▶ Dataset
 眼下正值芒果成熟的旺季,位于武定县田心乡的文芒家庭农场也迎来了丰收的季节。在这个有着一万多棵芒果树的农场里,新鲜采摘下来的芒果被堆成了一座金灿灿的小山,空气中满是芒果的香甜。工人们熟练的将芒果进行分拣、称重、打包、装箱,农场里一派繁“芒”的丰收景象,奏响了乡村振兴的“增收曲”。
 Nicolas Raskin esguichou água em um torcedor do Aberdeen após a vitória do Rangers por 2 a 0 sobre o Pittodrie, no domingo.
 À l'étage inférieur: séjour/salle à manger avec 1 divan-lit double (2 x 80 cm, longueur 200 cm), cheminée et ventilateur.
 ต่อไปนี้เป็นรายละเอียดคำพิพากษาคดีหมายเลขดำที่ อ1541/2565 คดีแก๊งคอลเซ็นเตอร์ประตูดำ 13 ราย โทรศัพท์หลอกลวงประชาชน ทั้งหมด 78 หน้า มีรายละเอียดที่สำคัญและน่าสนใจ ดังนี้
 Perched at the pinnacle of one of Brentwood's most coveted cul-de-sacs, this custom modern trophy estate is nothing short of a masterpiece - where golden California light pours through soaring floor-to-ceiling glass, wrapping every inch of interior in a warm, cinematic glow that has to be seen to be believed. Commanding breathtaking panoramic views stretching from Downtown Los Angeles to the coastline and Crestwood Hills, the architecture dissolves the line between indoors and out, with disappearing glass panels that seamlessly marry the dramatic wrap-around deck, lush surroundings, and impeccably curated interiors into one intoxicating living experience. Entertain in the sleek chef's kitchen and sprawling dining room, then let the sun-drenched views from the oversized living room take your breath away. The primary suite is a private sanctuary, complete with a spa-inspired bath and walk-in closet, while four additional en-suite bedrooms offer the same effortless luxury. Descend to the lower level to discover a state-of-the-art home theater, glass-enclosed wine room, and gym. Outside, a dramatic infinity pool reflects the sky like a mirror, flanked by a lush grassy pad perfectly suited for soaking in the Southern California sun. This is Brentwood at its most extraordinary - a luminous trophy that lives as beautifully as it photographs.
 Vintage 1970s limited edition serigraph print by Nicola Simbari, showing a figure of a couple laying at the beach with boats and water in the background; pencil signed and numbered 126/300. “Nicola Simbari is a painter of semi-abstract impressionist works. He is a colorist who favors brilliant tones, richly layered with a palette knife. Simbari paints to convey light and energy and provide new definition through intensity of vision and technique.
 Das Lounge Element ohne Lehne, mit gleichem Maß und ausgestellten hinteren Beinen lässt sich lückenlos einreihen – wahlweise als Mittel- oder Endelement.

▶ What you should do
Send back all the records above word for word.

▶ Solved problem
 眼下正值芒果成熟的旺季,位于武定县田心乡的文芒家庭农场也迎来了丰收的季节。在这个有着一万多棵芒果树的农场里,新鲜采摘下来的芒果被堆成了一座金灿灿的小山,空气中满是芒果的香甜。工人们熟练的将芒果进行分拣、称重、打包、装箱,农场里一派繁“芒”的丰收景象,奏响了乡村振兴的“增收曲”。
 Nicolas Raskin esguichou água em um torcedor do Aberdeen após a vitória do Rangers por 2 a 0 sobre o Pittodrie, no domingo.
 À l'étage inférieur: séjour/salle à manger avec 1 divan-lit double (2 x 80 cm, longueur 200 cm), cheminée et ventilateur.
 ต่อไปนี้เป็นรายละเอียดคำพิพากษาคดีหมายเลขดำที่ อ1541/2565 คดีแก๊งคอลเซ็นเตอร์ประตูดำ 13 ราย โทรศัพท์หลอกลวงประชาชน ทั้งหมด 78 หน้า มีรายละเอียดที่สำคัญและน่าสนใจ ดังนี้
 Perched at the pinnacle of one of Brentwood's most coveted cul-de-sacs, this custom modern trophy estate is nothing short of a masterpiece - where golden California light pours through soaring floor-to-ceiling glass, wrapping every inch of interior in a warm, cinematic glow that has to be seen to be believed. Commanding breathtaking panoramic views stretching from Downtown Los Angeles to the coastline and Crestwood Hills, the architecture dissolves the line between indoors and out, with disappearing glass panels that seamlessly marry the dramatic wrap-around deck, lush surroundings, and impeccably curated interiors into one intoxicating living experience. Entertain in the sleek chef's kitchen and sprawling dining room, then let the sun-drenched views from the oversized living room take your breath away. The primary suite is a private sanctuary, complete with a spa-inspired bath and walk-in closet, while four additional en-suite bedrooms offer the same effortless luxury. Descend to the lower level to discover a state-of-the-art home theater, glass-enclosed wine room, and gym. Outside, a dramatic infinity pool reflects the sky like a mirror, flanked by a lush grassy pad perfectly suited for soaking in the Southern California sun. This is Brentwood at its most extraordinary - a luminous trophy that lives as beautifully as it photographs.
 Vintage 1970s limited edition serigraph print by Nicola Simbari, showing a figure of a couple laying at the beach with boats and water in the background; pencil signed and numbered 126/300. “Nicola Simbari is a painter of semi-abstract impressionist works. He is a colorist who favors brilliant tones, richly layered with a palette knife. Simbari paints to convey light and energy and provide new definition through intensity of vision and technique.
 Das Lounge Element ohne Lehne, mit gleichem Maß und ausgestellten hinteren Beinen lässt sich lückenlos einreihen – wahlweise als Mittel- oder Endelement.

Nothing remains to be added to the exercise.